Enrique Rodríguez-Alegría. I am currently Associate Professor in the Department of Anthropology at the University of Texas at Austin.  My interests include colonialism, materiality and power, political economy, and technology.  These interests have converged in two main lines of research.  First, I study in the relationship between power struggles and cultural change, specifically in the ways in which material culture is involved in processes of colonialism and empire-building.  Second, I research technology and the ways that the political economy can affect processes of technological change.  My empirical work is a combination of archaeology, ethnohistory, and archaeometry, and it focuses on central Mexico, especially during the Aztec era and the early Colonial period.  I have worked in Mexico City at the Templo Mayor Museum, Xaltocan, and Tula.  

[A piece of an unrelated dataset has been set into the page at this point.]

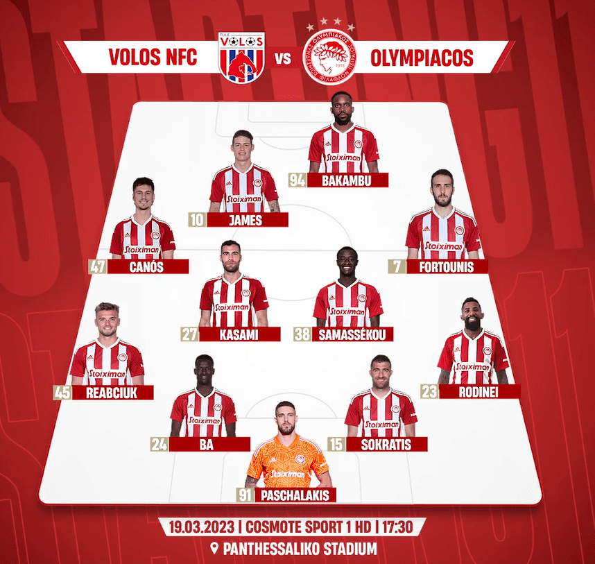 Ο Ολυμπιακός θα παραταχθεί στην πρεμιέρα των πλέι οφς με αντίπαλο τον Βόλο με την ακόλουθη 11άδα:

http://www.utexas.edu/cola/depts/anthropology/faculty/err236

 

Namita Sugandhi.  My earlier dissertation work was on the Mauryan empire and its relationship to the Southern Deccan in peninsular India.  I am currently working on a field project in southeastern Rajasthan that examines questions about long term interregional interaction and issue of site preservation and heritage management in rural South Asia.  My research interests include the study of sovereignty in South Asia, non-territorial models of early states, decolonized strategies of archaeological practice and the integration of archaeological and textual records. I am currently a Lecturer at Indiana University Northwest.

namitasugandhi@gmail.com

Andrew Bauer. My dissertation research examined Iron Age (1200-300 BC) land use and settlement patterns in the environs of Kadebakele, a large settlementsituated on the Tungabhadra River in Karnataka, South India. In this project, I combined archaeological survey with multi-spectral remote sensing and sediment, soil, and pollen analyses. Using these diverse datasets, I demonstrated that a series of environmental “objects” (e.g., rock pools, soil distributions, inselberg features) that are widely believed to be natural landscape elements were created during the Iron Age as a means of appropriating space for politically instrumental ritual activities and agro-pastoral production. As a follow-up to this research, I am currently carrying out an archival project on British colonial geology, which would come to understand South India's more recent landscape features without considering anthropogenic formation processes. At the same time, I am planning to return to the field to continue documenting the historical ecology of northern Karnataka, with particular emphasis on the transition from Iron Age political configurations to the early dynastic polities of South India.